— GOAL OF THE EXERCISE —
Copy nothing but the lines below, from the one with "Свадебное платье 48-50-52" through the one with "3 больших пиццы + 1 пицца 32 см в Подарок", exactly as written; no pictures should appear.

— EXERCISE DATA —
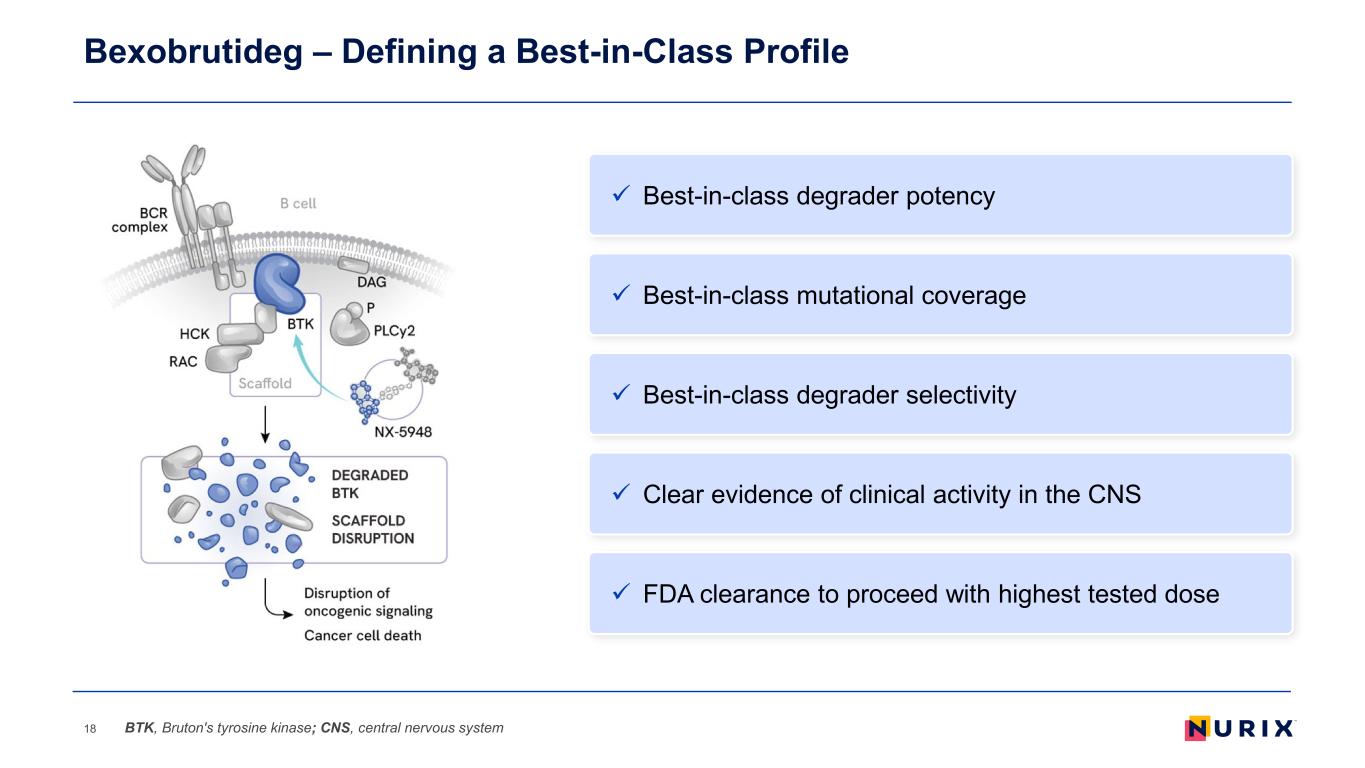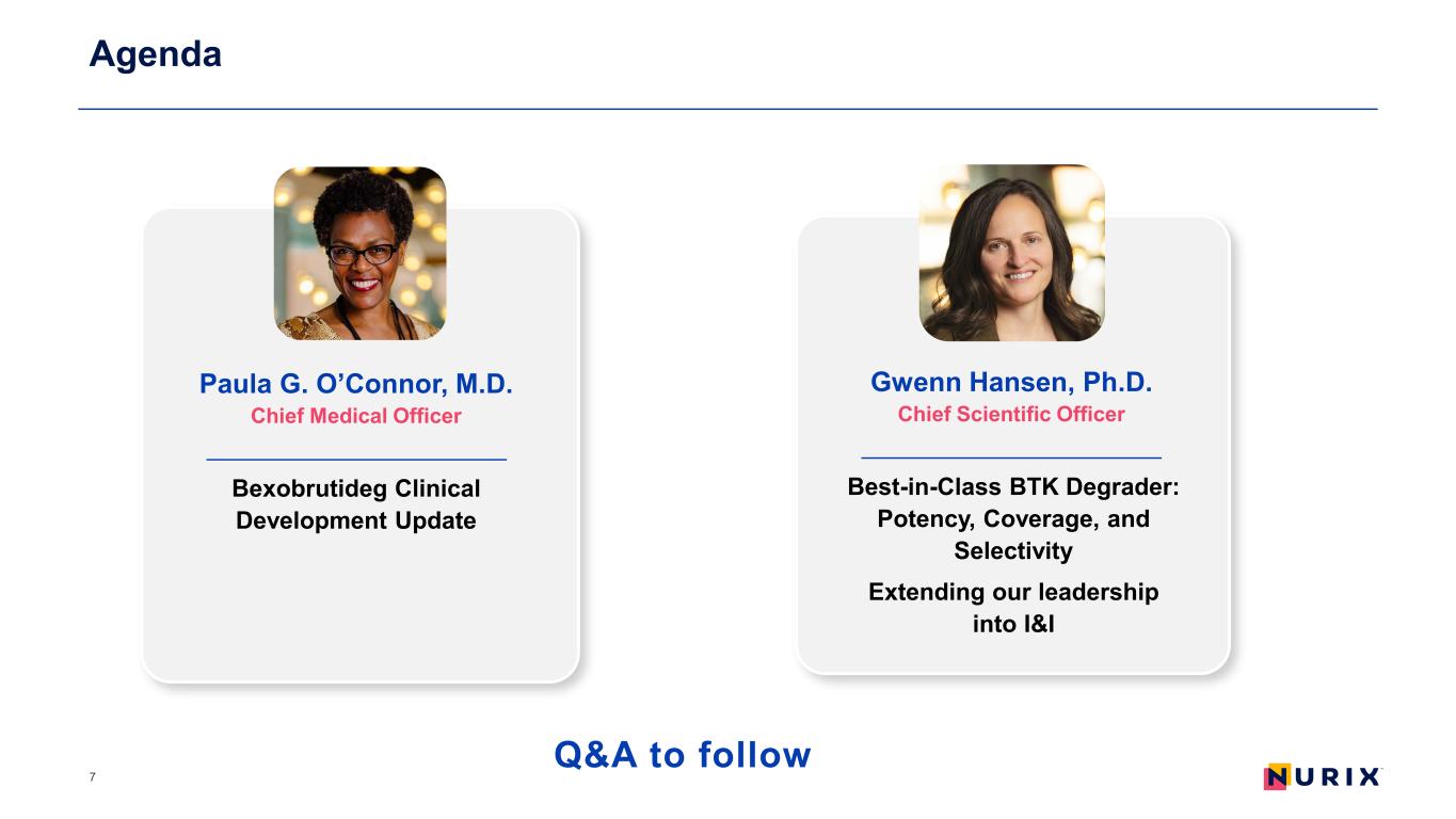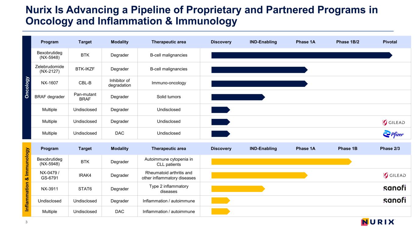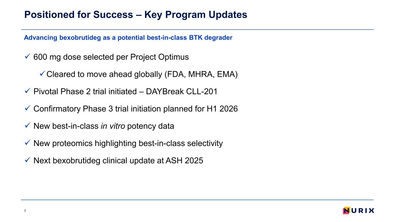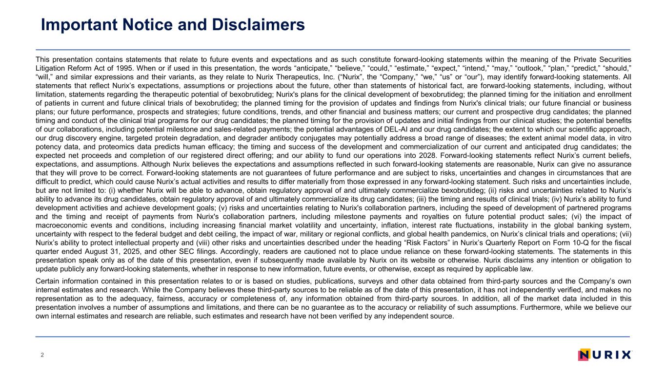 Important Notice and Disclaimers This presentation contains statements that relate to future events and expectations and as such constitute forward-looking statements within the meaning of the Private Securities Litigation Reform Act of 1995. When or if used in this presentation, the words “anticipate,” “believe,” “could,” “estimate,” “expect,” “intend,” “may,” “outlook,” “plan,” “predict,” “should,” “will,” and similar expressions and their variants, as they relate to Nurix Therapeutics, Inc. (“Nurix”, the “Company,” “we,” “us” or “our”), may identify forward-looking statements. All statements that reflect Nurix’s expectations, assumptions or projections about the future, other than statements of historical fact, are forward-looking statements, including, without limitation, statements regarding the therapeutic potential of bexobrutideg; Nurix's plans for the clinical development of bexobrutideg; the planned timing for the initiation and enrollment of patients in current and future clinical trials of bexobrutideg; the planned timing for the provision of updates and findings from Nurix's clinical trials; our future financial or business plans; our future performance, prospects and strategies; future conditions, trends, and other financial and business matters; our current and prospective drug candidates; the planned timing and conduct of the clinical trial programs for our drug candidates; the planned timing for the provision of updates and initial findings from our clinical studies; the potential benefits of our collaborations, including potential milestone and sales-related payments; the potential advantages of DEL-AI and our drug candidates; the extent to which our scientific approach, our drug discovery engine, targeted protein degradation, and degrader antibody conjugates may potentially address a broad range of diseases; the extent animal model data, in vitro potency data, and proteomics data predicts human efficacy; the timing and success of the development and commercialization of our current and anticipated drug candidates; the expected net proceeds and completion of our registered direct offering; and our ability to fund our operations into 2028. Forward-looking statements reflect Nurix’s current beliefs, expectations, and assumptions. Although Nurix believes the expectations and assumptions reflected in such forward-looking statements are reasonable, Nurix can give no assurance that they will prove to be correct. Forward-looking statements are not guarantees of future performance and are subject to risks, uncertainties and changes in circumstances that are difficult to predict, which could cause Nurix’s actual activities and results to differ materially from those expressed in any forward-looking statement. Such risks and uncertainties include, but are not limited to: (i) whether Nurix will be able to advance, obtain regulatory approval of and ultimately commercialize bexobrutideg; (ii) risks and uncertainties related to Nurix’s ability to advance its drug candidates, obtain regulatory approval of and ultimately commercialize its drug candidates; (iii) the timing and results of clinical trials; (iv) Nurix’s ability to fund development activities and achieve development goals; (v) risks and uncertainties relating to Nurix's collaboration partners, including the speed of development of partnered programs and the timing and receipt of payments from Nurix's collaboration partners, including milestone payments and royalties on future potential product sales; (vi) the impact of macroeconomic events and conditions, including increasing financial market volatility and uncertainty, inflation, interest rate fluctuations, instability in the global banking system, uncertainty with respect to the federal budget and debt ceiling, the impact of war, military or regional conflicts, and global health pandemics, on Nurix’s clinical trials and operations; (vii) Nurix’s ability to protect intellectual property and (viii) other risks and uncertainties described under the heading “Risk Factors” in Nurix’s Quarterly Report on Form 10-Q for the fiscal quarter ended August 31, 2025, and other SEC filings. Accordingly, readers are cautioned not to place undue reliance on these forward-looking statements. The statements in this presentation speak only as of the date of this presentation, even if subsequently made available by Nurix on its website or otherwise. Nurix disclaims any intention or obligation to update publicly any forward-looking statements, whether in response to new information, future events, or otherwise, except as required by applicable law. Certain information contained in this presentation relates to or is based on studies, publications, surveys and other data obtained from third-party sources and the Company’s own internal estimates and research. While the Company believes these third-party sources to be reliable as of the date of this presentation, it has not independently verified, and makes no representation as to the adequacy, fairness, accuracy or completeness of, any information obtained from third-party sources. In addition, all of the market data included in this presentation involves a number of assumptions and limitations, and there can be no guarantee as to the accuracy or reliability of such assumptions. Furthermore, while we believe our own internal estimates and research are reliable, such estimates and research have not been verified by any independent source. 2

...

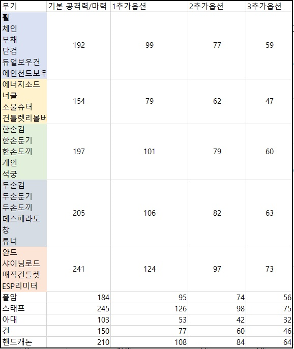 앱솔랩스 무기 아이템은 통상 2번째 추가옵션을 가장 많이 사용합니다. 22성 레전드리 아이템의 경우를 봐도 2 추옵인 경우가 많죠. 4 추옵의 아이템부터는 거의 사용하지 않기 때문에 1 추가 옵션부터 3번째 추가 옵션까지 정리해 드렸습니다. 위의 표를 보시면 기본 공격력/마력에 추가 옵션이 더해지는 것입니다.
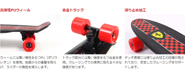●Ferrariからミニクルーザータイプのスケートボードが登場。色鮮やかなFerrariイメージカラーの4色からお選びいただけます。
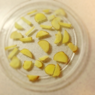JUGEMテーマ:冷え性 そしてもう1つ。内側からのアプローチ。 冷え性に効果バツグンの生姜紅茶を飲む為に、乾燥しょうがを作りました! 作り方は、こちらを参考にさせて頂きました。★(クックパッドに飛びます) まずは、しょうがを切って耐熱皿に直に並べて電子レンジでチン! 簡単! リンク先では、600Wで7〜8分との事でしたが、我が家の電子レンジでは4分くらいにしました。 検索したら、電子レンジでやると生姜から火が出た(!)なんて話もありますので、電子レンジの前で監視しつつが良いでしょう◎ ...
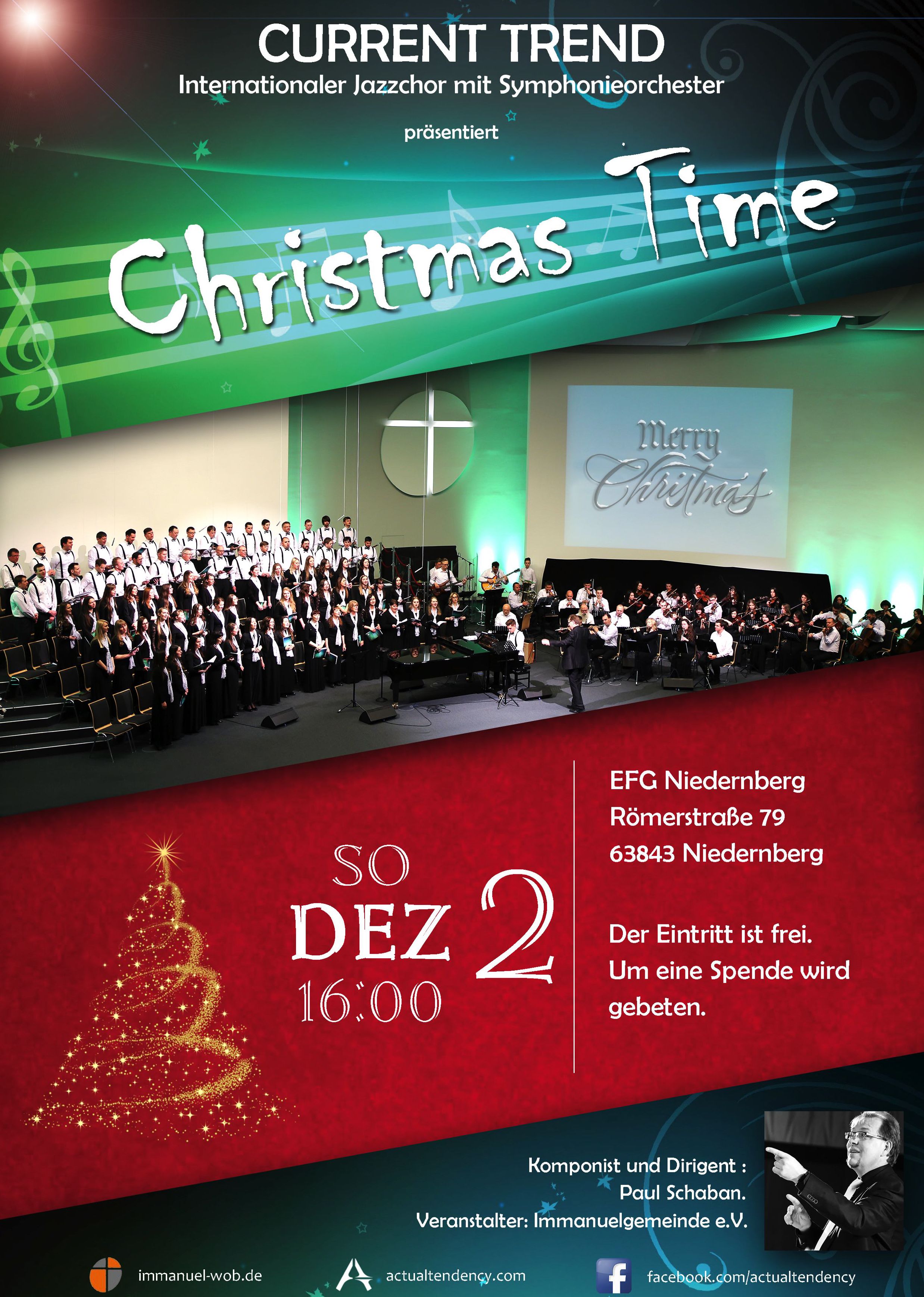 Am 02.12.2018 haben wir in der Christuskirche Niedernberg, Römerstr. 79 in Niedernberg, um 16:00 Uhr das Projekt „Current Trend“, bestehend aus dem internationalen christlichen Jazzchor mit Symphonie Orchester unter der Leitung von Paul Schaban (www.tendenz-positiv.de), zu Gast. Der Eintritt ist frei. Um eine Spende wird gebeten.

--

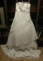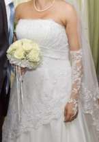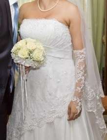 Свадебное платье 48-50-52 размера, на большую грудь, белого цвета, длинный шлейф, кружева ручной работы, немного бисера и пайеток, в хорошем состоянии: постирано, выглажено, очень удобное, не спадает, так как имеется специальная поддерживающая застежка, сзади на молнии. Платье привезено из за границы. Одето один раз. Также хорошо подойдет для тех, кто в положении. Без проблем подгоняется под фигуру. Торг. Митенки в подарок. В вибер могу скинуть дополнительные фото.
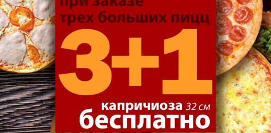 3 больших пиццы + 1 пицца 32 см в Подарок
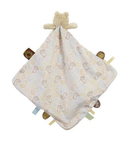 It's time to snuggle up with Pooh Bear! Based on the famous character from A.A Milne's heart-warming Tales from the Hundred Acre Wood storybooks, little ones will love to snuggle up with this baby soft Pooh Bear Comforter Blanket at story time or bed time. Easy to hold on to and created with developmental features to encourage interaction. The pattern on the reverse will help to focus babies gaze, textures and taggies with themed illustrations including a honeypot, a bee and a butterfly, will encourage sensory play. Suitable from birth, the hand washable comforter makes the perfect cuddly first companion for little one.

— FINAL ANSWER —
 Свадебное платье 48-50-52 размера, на большую грудь, белого цвета, длинный шлейф, кружева ручной работы, немного бисера и пайеток, в хорошем состоянии: постирано, выглажено, очень удобное, не спадает, так как имеется специальная поддерживающая застежка, сзади на молнии. Платье привезено из за границы. Одето один раз. Также хорошо подойдет для тех, кто в положении. Без проблем подгоняется под фигуру. Торг. Митенки в подарок. В вибер могу скинуть дополнительные фото.
 3 больших пиццы + 1 пицца 32 см в Подарок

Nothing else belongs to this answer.